The most telling interviews, however, come from two members of Jason Burkett’s family. Herzog speaks to Jason’s wife, whom he only met well after his sentencing. The two have never had physical contact outside of embracing and hand-holding, yet she is pregnant with their child (the biological father’s identity is unclear, but strongly hinted at). Herzog also speaks extensively to Jason’s father, who is himself a criminal currently serving a forty-year sentence (not unlike his son). Herzog manages to provoke Dad to reflect on his own life choices, and what he might have done as a father to protect Jason from his fate.
These stories each make a deeply personalized contribution to the complex mixture of circumstance and ill-advised life choices defining the world these families must live within and suffer through. In a place where death becomes a constant, urgent and everyday reality – as opposed to an abstraction whose inevitability folks like you and I may understand, but not fully appreciate – I imagine life becomes less about finding avenues to improve one’s circumstances than it is about finding avenues to persevere and to survive. Michael Perry was killed in 2010 for his role in killing three other people. The deaths of these four individuals and their ramifications certainly shaped the lives of those they touched, just as the similar events and circumstances – it could be argued – helped set the stage for that awful 2001 night in Conroe.
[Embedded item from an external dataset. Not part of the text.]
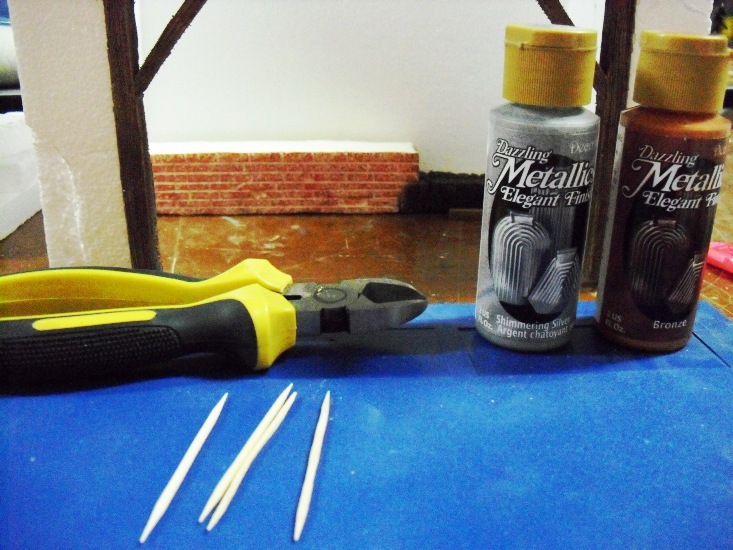 Lo que imita a los remaches de las puertas son los trocitos de palillo que pongo para que se quede mas fijo con la cola, como queda cortado en plano, le pongo un poco de pintura metalica en plata o en cobre.

The way Herzog presents his interactions with these people suggests an ugly, repetitive and inescapable cycle of death, crime and self-defeat. Blame is found nowhere, it seems, and it is found everywhere. What makes Into the Abyss one of the more powerful documentaries of the year (and the superior Herzog doc of 2011) is that its director, despite his occasional transgressions while interviewing, chooses to step back slightly and permit us to formulate what meaning his movie provides. It’s as if this twisted, grandfatherly voice has finally learned an all-important lesson: that from time to time, there are some stories that are capable of telling themselves.
Bottom Line: Werner Herzog’s trademark style as a nonfiction filmmaker is still intact, albeit with relative restraint. The resulting film is one of his more effective projects in recent memory.